Veterinarians and farriers alike often discuss the importance of a strong relationship. That dynamic never proved more important than in the lecture presented by equine veterinarian Courtney Diehl and farrier Cricket McLaren at the 44th annual American Farrier’s Association Convention in Overland Park, Kan.
Diehl and McLaren, who are both based out of northwest Colorado, teamed up to care for two horses that were suffering from severe cases of laminitis.
“I think without a successful vet-farrier relationship, managing the cases would have been — I don’t know if impossible is the right word, but certainly difficult,” Diehl says. “There’s such controversy about the right way to treat laminitis and we’re certainly not going to tell everybody that there’s only one way to do it or one method that’s effective.”
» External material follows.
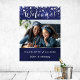 Un poster de bienvenida para la fiesta de cumpleaños con fotos. Personalice y agregue un nombre y una edad. Fondo azul marino, texto blanco. El color azul es desigual. Decorada con estrellas falsas de plata.

Each case involved applying a heart bar shoe, which has been a good choice in general. However, positive results aren’t always forthcoming.
“Over the years, we’ve found the heart bar shoe to be very effective,” she says. “But, we’ve had some areas that the shoe didn’t quite do what we hoped it would.”
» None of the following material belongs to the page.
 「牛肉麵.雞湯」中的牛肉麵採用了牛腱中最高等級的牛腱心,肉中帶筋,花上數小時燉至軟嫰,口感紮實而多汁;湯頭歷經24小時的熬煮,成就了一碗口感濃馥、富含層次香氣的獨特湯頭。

The complexity of each case tried often left them questioning whether they were tacking the correct path. While one owner placed her full trust in the team, another often blamed them for the slow progress.
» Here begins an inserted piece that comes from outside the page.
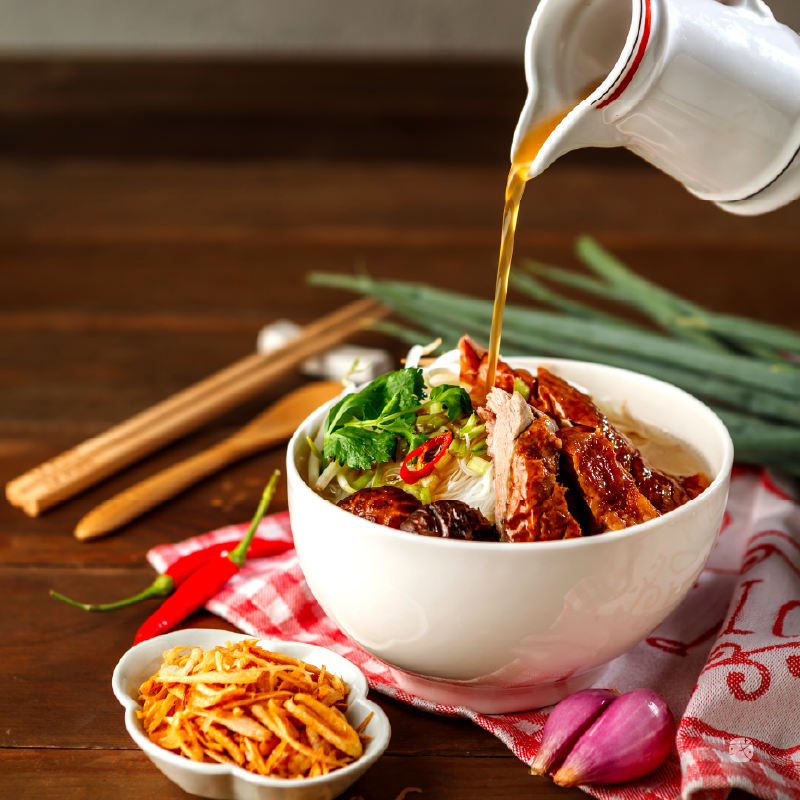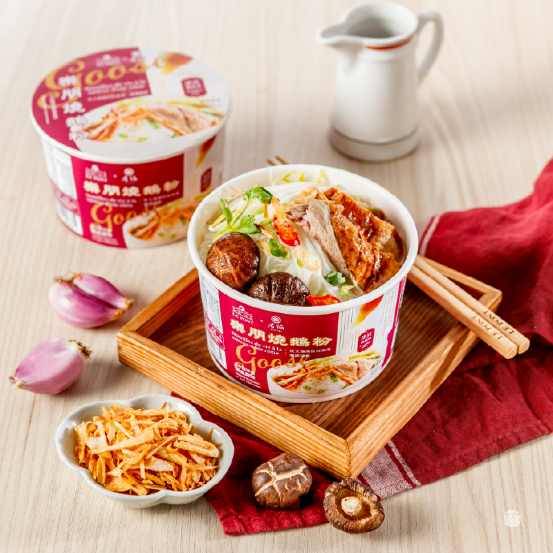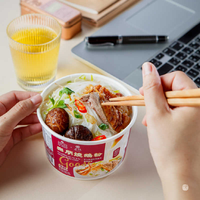 樂朋 X 老鍋米粉聯手推出新品【樂朋燒鵝粉】,炭火燒鵝熬湯、佐法式鵝油與煙燻香氣,方便也能很講究!

“It gave us both the opportunity to back one another up,” McLaren says.
The pair stayed the course in each case and enjoyed positive results.
Keg Shoe Selection & Modification
Cody Gregory, an instructor at Heartland Horseshoeing School in Lamar, Mo., discussed how to select the correct keg shoes and modifications.
He presented a detailed set of considerations in selecting the best shoe for the job including: shoe for the conditions that the horse lives in, shoe for the job it does, traction, nail fit, nail hole location, stock width and the size of the foot.
Passing Of The Gavel
The conclusion of the convention was marked with the passing of the gavel from outgoing president Margie Lee-Gustafsson to incoming president Tom DuBois.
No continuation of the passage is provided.